17.17 In the children’s game of rock–paper–scissors each player reveals at the same time a choice of rock, paper, or scissors. Paper wraps rock, rock blunts scissors, and scissors cut paper. In the extended version rock–paper–scissors–fire–water, fire beats rock, paper, and scissors; rock, paper, and scissors beat water; and water beats fire. Write out the payoff matrix and find a mixed-strategy solution to this game.

Answer We will create a table for this game with reward +1 for the winner and -1 for the loser (reward 0 for a draw). The table is straightforward and it is antisymmetric:

Figure 17.17.1: table for rock-paper-scissors-fire-water.

To find the mixed-strategy solution to this game we will need to find the probability of playing Rock (r), Paper (p), Scissors (s), Fire (f), Water (w), such that $r + p + s + f + w = 1$. To do so we will firstly focus on what we need to compute if Player A plays Rock. To answer this question we can draw a graph like this:

Figure 17.17.2: B's actions with their outcome if A plays Rock.

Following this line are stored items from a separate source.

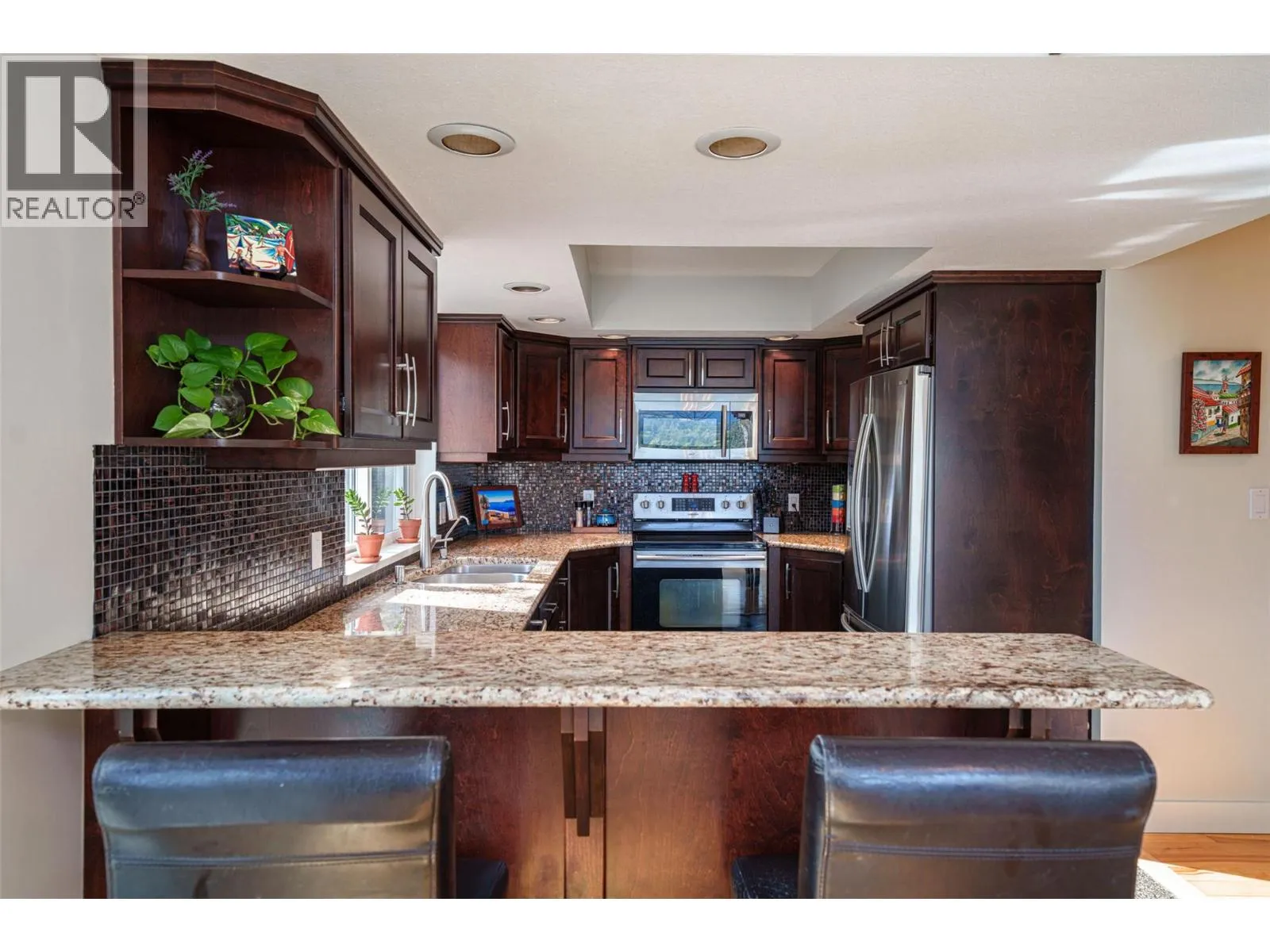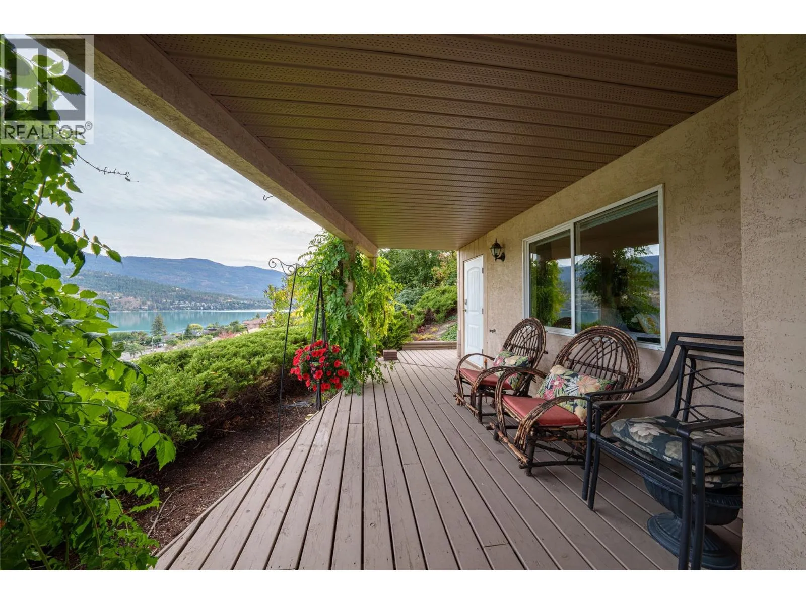 This stunning Coldstream home offers absolutely breathtaking, unobstructed views of Kalamalka Lake & the Monashee Mountains. Enjoy the best lake views in the neighborhood from nearly every room in the house. Step outside to take in the scenery from the expansive sundeck or through the homeâs large windows. Because the property faces east, you'll be shaded from the intense summer heat by late afternoon. Ideally located just steps from Kal Beach, Okanagan College & the Rail Trail, this 3-bedroom, 3-bathroom home has been completely updated with high-end finishes throughout, including a 1-bedroom suite on the lower level. Inside, you'll find gleaming hardwood floors extending through the open-concept living area, complemented by vaulted ceilings, high end remote window coverings & a beautifully updated kitchen with granite countertops, butler pantry & stainless steel appliances. The spacious primary bedroom boasts a luxurious ensuite with marble tile, a separate tile shower & tub, & heated floors. The suite features a private patio, gas fireplace & tons of natural light it could easily be converted into a bachelor or used to add another bedroom. Outside, the home features a large driveway with 27 ft RV parking & a large double garage. The yard is neatly landscaped with drip line irrigation & is low maintenance. Additionally, there is a unique covered breezeway ideal for outdoor entertaining & an additional covered storage room under the garage. This is a must see home! (id:27476)
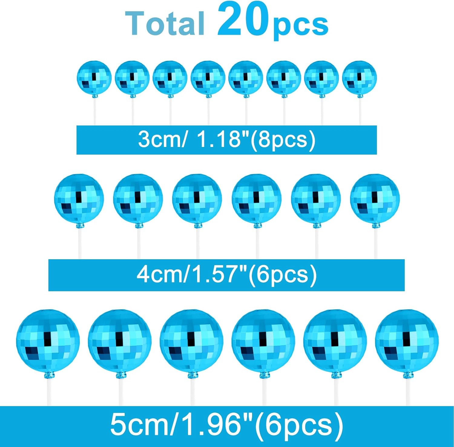 - Package includes: 20 pcs blue disco balls for cake decorations. there are 8 balls with a diameter of 1.18 inches/ 3 cm, 6 balls with a diameter of 1.57 inches/ 4 cmοΌ6 balls with a diameter of 1.96 inches/ 5 cm.
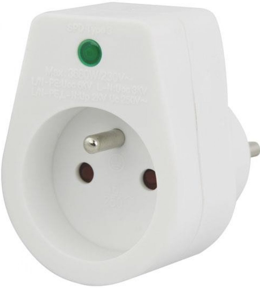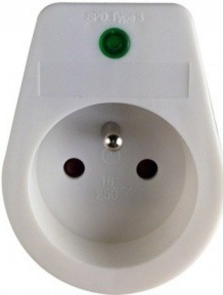 Jednozásuvková přepěťová ochrana Solight do zásuvky s LED indikací ochrany a dětskou ochranou.
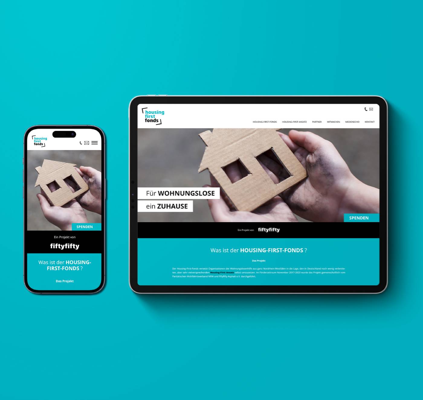 Neugestaltung des Logos sowie Konzeption und Design der Website des Housing-First-Fonds. Freiberufliches Projekt in Zusammenarbeit mit Heike Hassel und Danke, der Agentur für Nonprofits und karitatives Engagement. Der Housing-First-Fonds ist ein Projekt von fiftyfifty/Asphalt eV und wurde von 10/2017 bis 10/2020 als Gemeinschaftsprojekt unter der Trägerschaft des Paritätischen NRW durchgeführt.
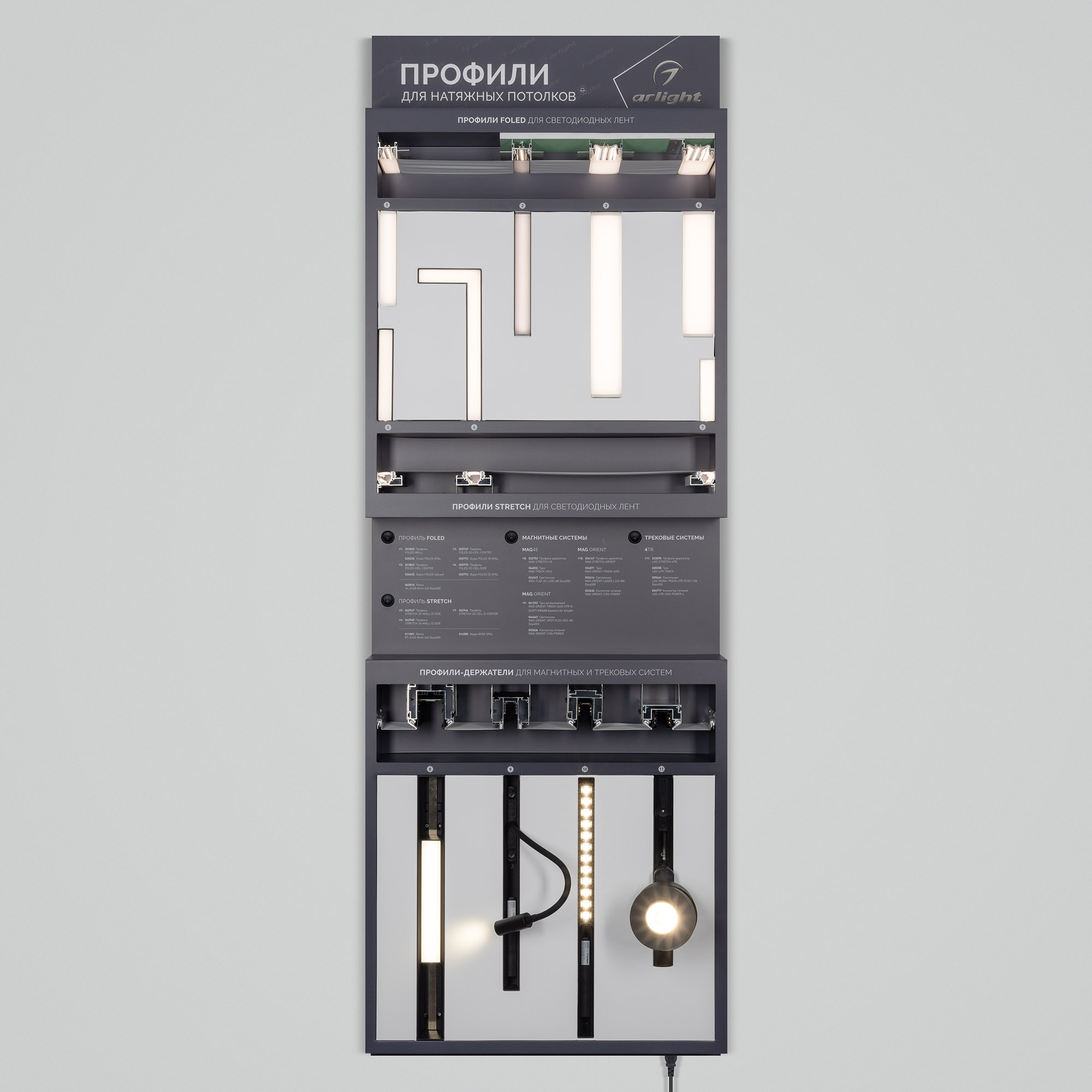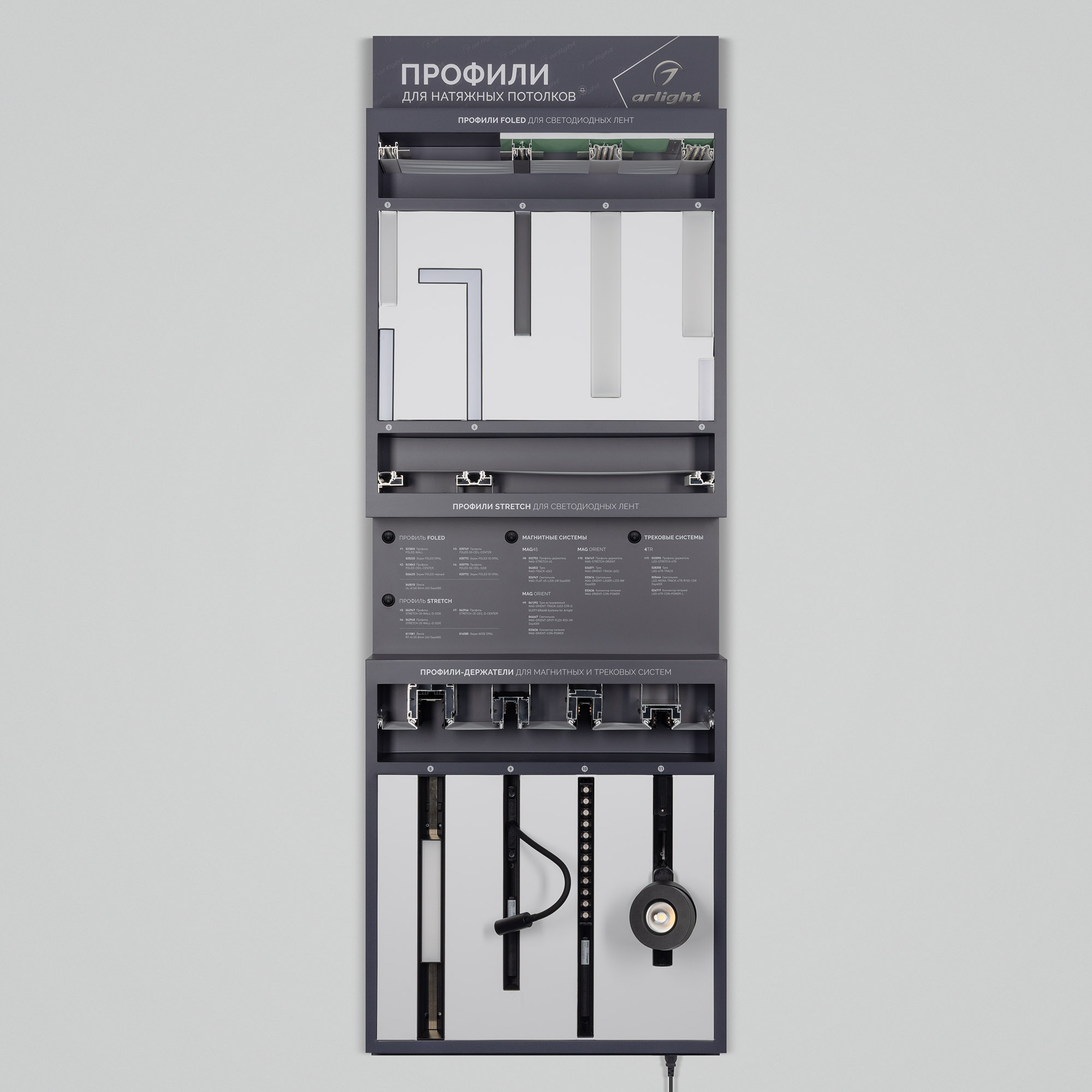 На стенде представлен ассортимент профилей Arlight для натяжных потолков:
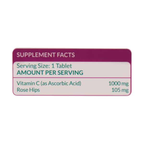 ۲.: قرص ویتامین سی رزهیپس، کمک کننده در ساخت کلاژن و خاصیت ارتجاعی پوست
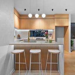 • Open-plan kitchen equipped with premium Bosch appliances, including a gas cooktop.
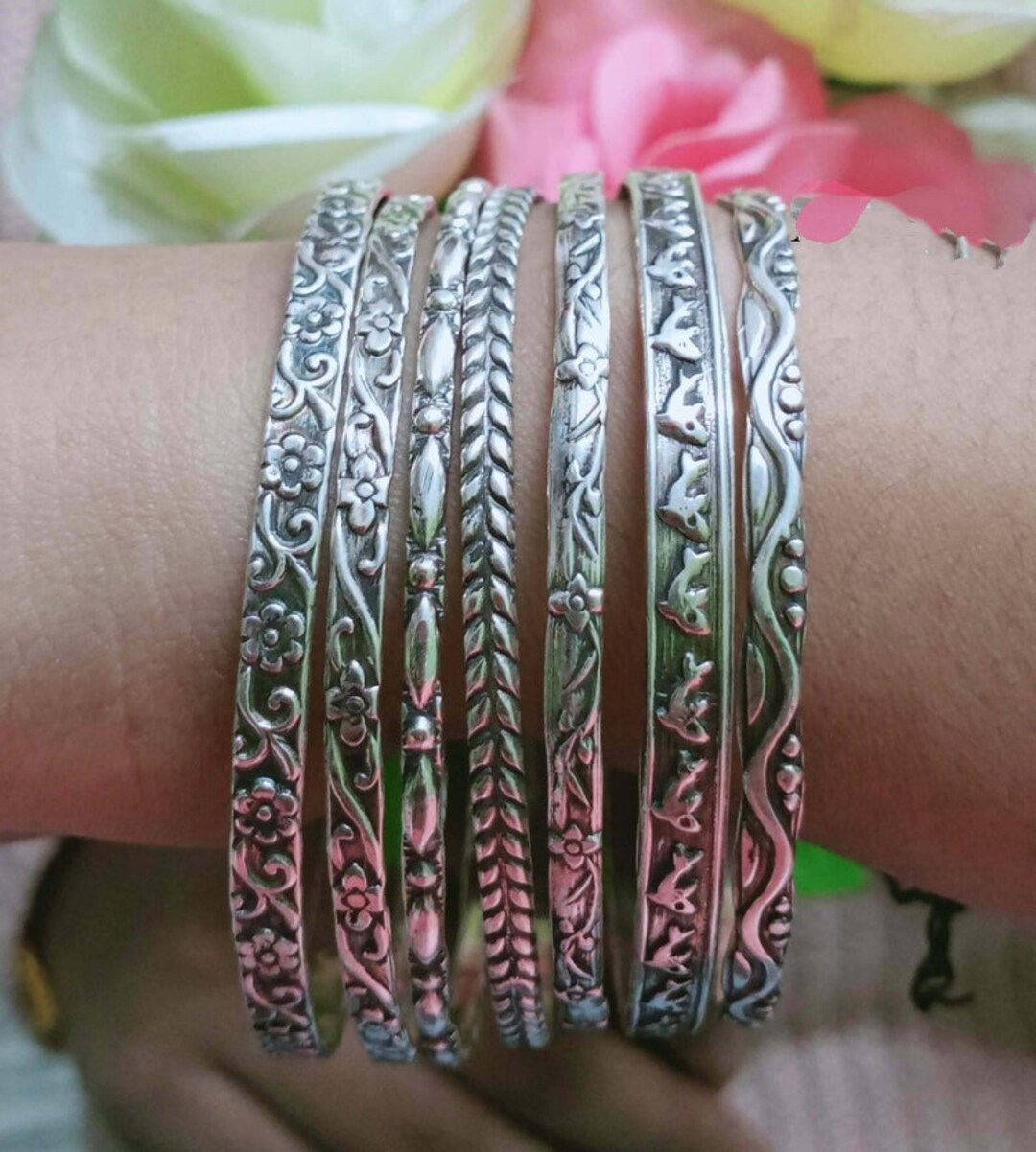 Beautiful Set of 7 Bangles, Stacking Bangles, Gift for Women, Silver ...
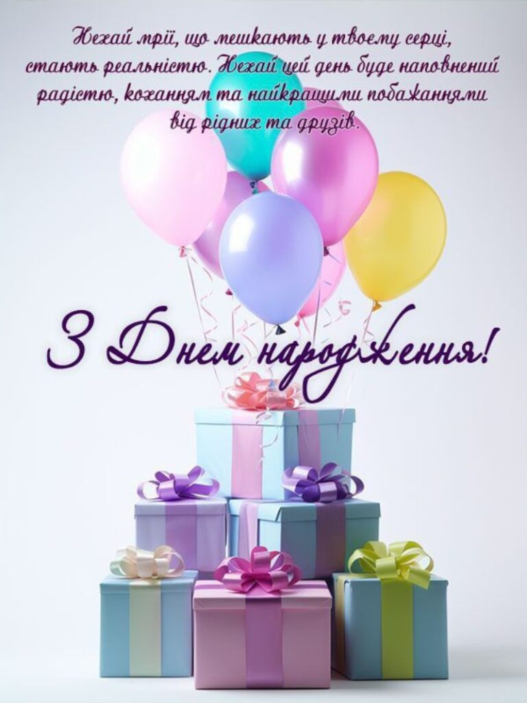 З днем народження! Нехай усмішка з’являється без причини, а щастя не потребує пояснень. Хай у твоїх буднях завжди буде трохи свята.
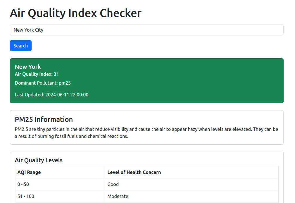 Air Quality Index is an application that allows for search of major cities air quality. The application is is built using React.js (HTML, CSS and JavaScript) for the front-end and makes use of an air quality index API.
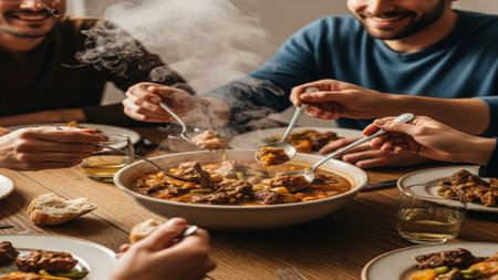A closeup of a steaming pot of stew, showcasing rich colors and fresh ingredients. The vibrant spices being lifted by a spoon evoke a sense of warmth and flavor. Perfect for culinary themes.

According to Figure 17.17.2, if A chooses Rock then the payoff is : $+1 \times p + (-1) \times s + 1 \times f + (-1) \times w + 0 \times r$ We do that for all choices of A and we end with a system of equation:

\[\text{A chooses R:} +p -s +f -w \\ \text{A chooses P:} -r +s +f -w \\ \text{A chooses S:} +r -p +f -w \\ \text{A chooses F:} -r -p -s +w \\ \text{A chooses W:} +r +p +s -f \\\]

We then need to solve for the intersection of the hyperplanes. We find that $r=p=s=\frac{1}{9}$ and $f=w=\frac{1}{3}$.